Only the lines from the one that contains "Statue de buste" to the last line below, both included, should be transcribed. Pictures stay out of the copy.

Material supplied:
_ _ _ _ _ _ _

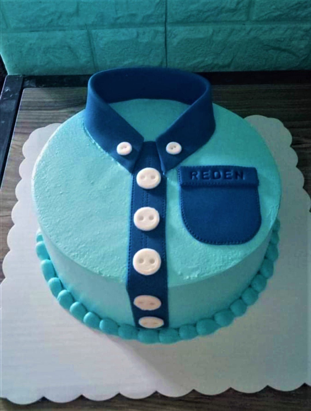 Light blue tuxedo shirt cake with dark blue collar, pocket, and white fondant buttons.
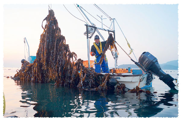 北太平洋に面し三陸海岸の南部に位置する志津川湾は、親潮・黒潮・津軽暖流の3つの海流がバランスよく影響し合う、栄養豊富な海域です。さらに、7つの川から流れ込む山々のミネラルも加わり、肉厚でやわらかい、食物繊維たっぷりのめかぶが育ちます。「志津川湾のめかぶは安定して水揚げできるため、漁師たちの収入基盤にもなっています」と三浦さん。生育期間から収穫まで水温が安定していることが上質なめかぶのカギになりますが、近年では海水温の上昇や突然の大雨など、環境の変化が問題視されています。各地でめかぶの品種や生育の研究をしてきた三浦さんは、「冬が養殖のピークのめかぶにとって、水温の上昇は天敵。種苗の元となる胞子や種が落ちてしまう原因になります」と話します。そうした局面を長年の経験と知識により乗り越え、おいしさと品質にこだわっためかぶを作り続けています。「後悔のない養殖をしたい」と、今日も海に向かいます。
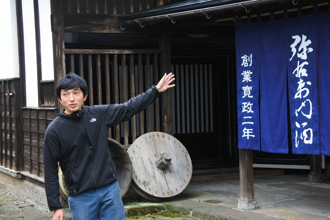 いかにも酒蔵!という趣ある佇まいにスマホのカメラを向ける手が止まらない様子。杜氏の佐藤哲野さんの案内で蔵の中にお邪魔しました。
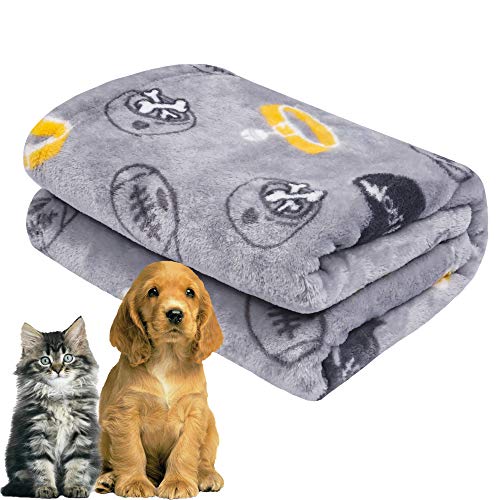 softan Pet Blanket, Fluffy Dog Bed Blanket, Super Soft Bed Cover for Puppy and Kitten, Washable and Warm Animal Blanket for Small Medimu Dog, Cute Print Design for Pet Gift Ideas, 80 ×100cm, Grey
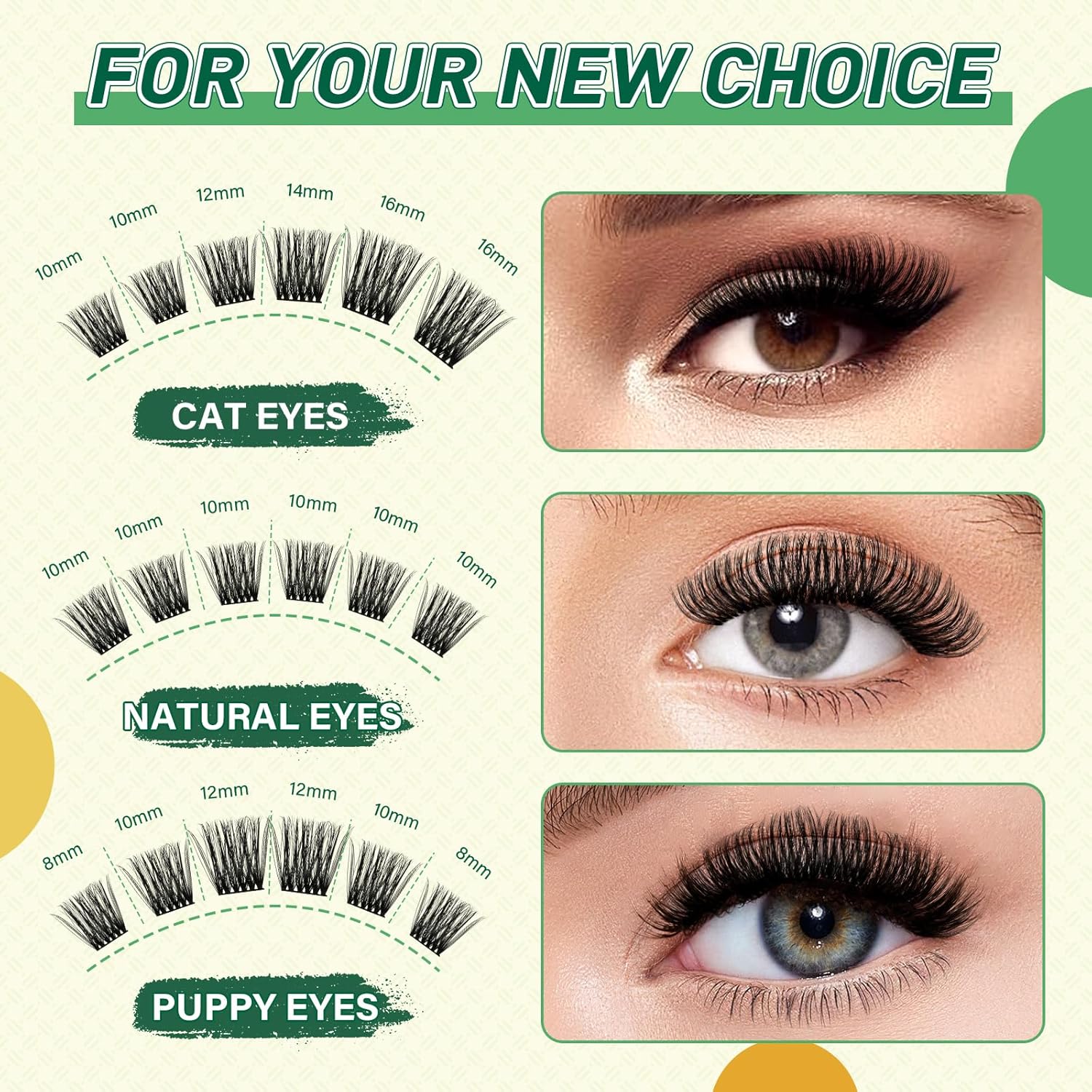 - 【144pcs High Quality Cluster Lashes】The simulated eyelash material is more realistic and will not feel plastic, comfortable and non-irritating on the eyes, allowing you to easily maintain a perfect makeup all day long.
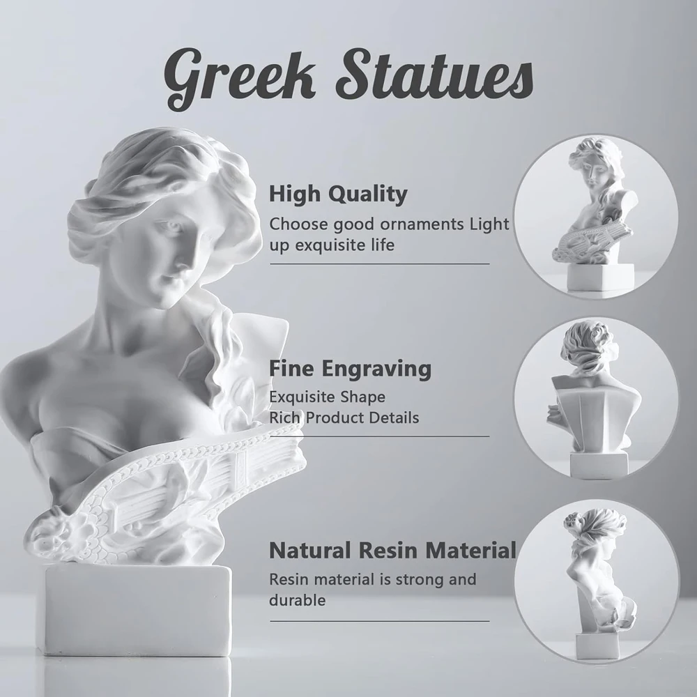 Statue de buste de mythologie grecque, décoration de déesse romaine, Figurines de croquis, Sculptures esthétiques pour salon, bibliothèque, bureau
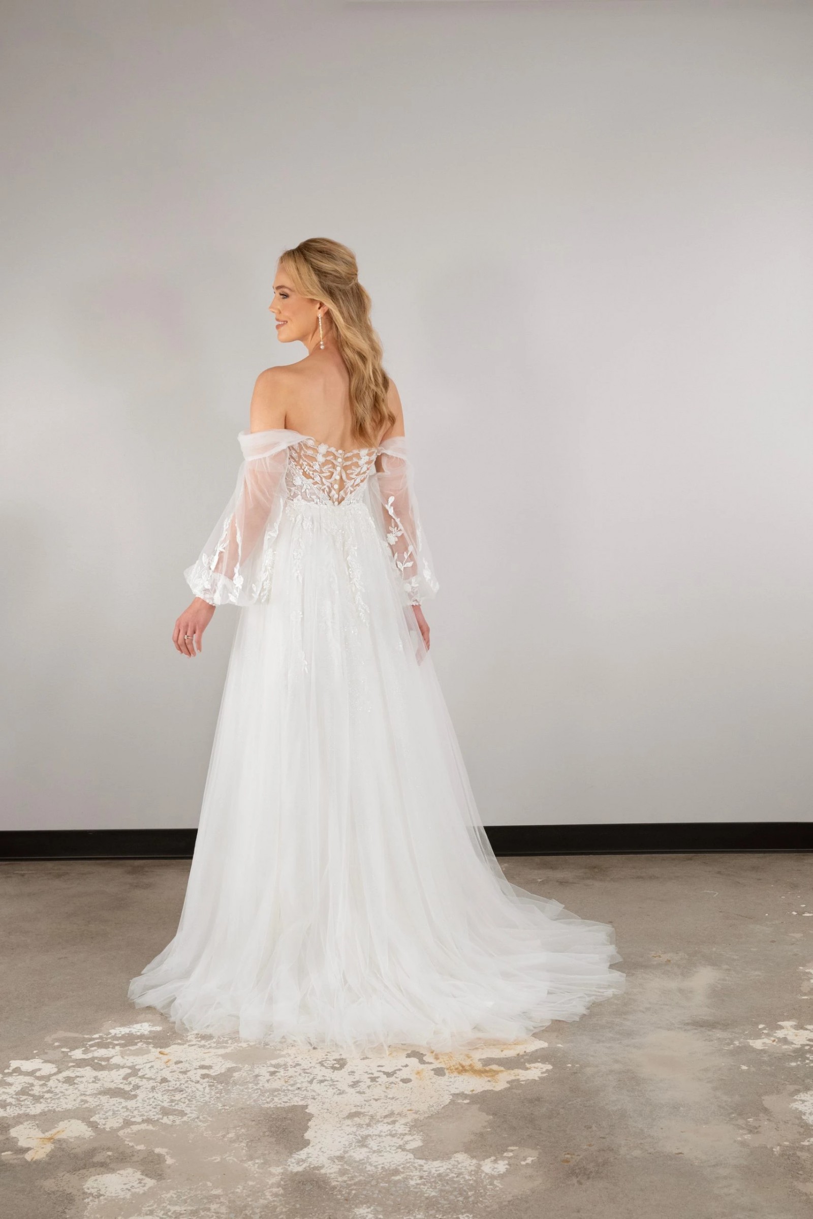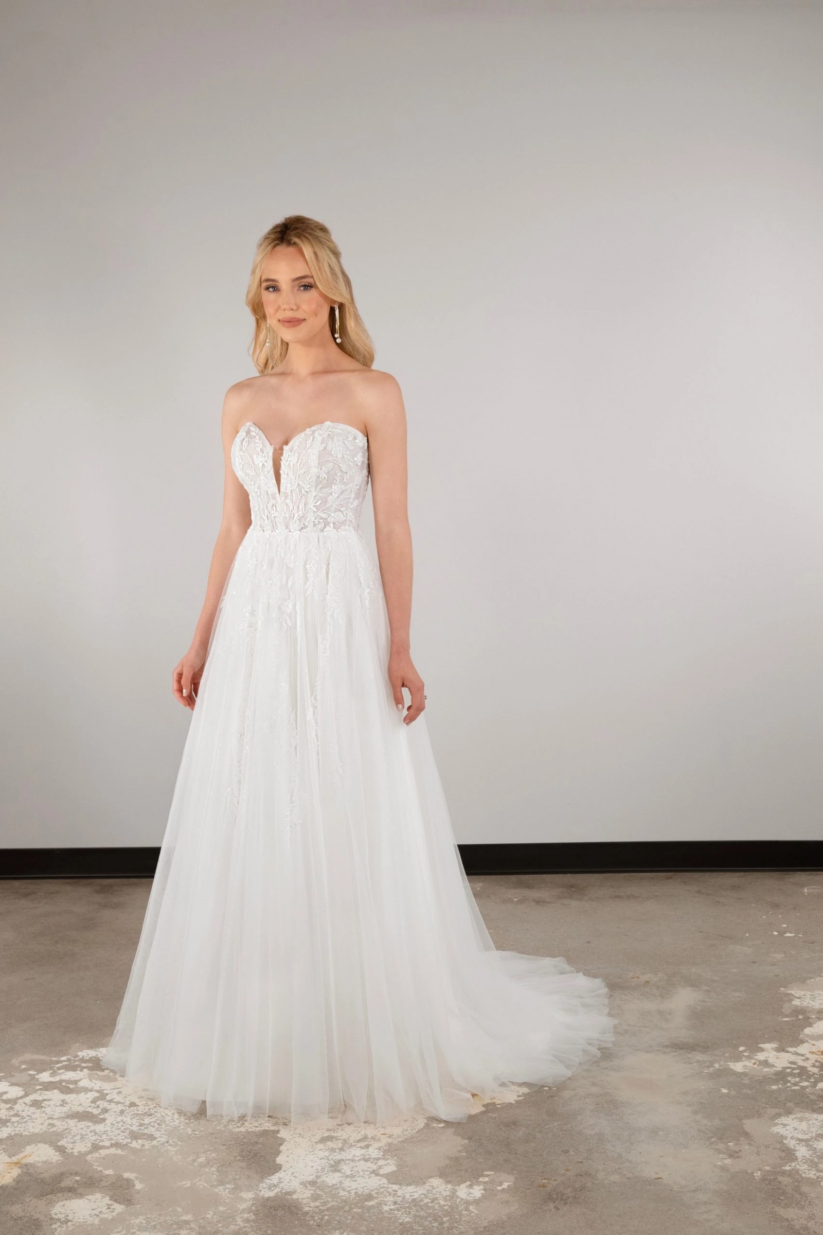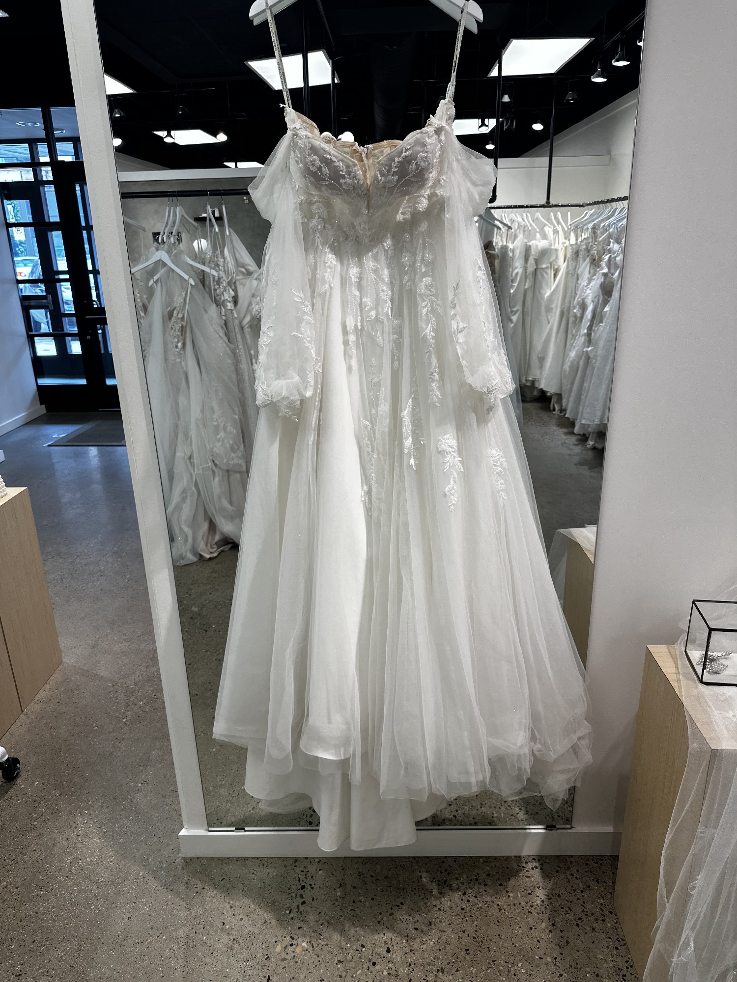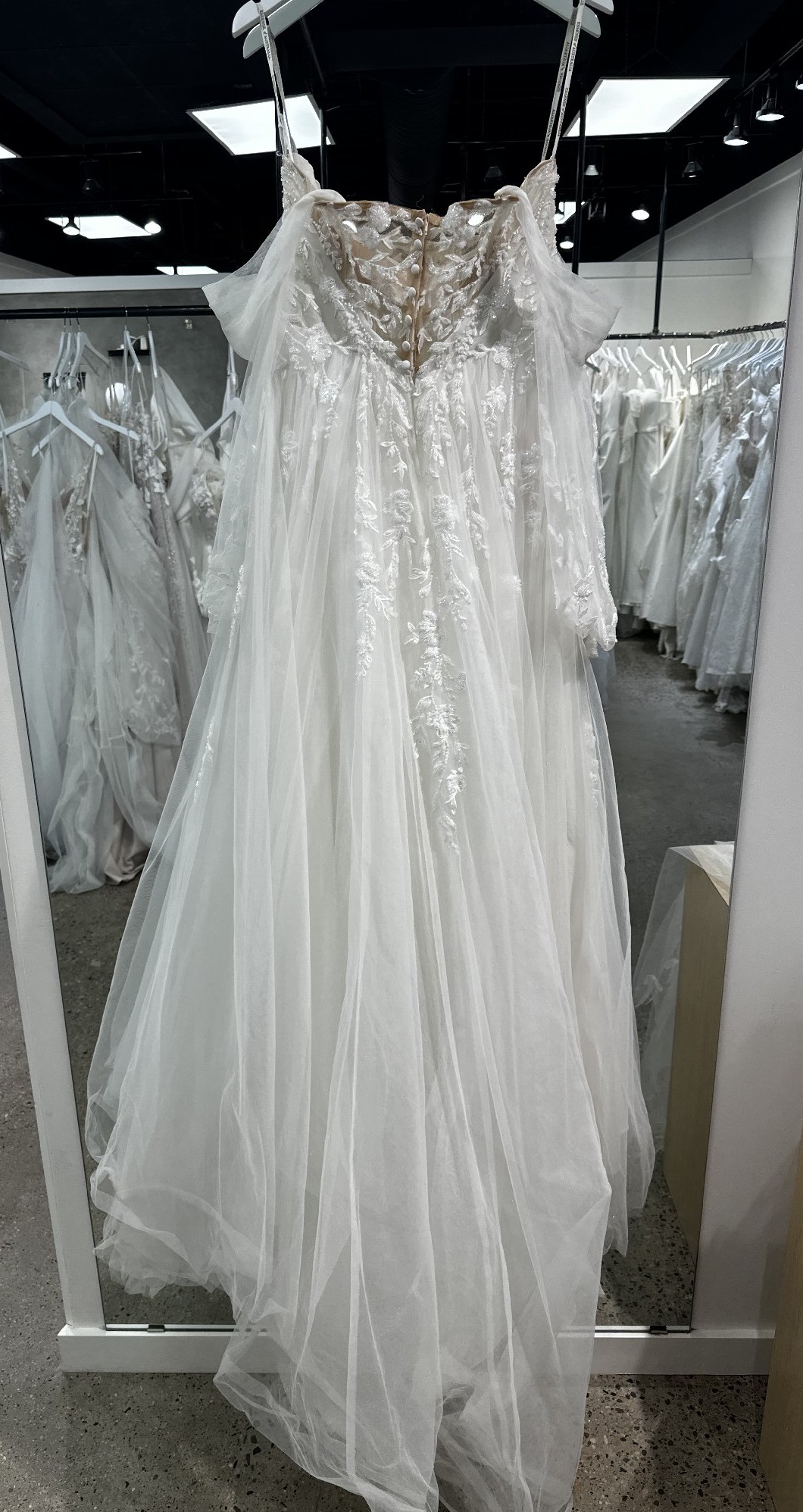 We’re a bridal store so this gown is our floor model/sample meaning we paid full price for this gown but it is our investment dress we bought for brides to try on and order off of in their desired size and color.

_ _ _ _ _ _ _

Result of this exercise:
 Statue de buste de mythologie grecque, décoration de déesse romaine, Figurines de croquis, Sculptures esthétiques pour salon, bibliothèque, bureau
 We’re a bridal store so this gown is our floor model/sample meaning we paid full price for this gown but it is our investment dress we bought for brides to try on and order off of in their desired size and color.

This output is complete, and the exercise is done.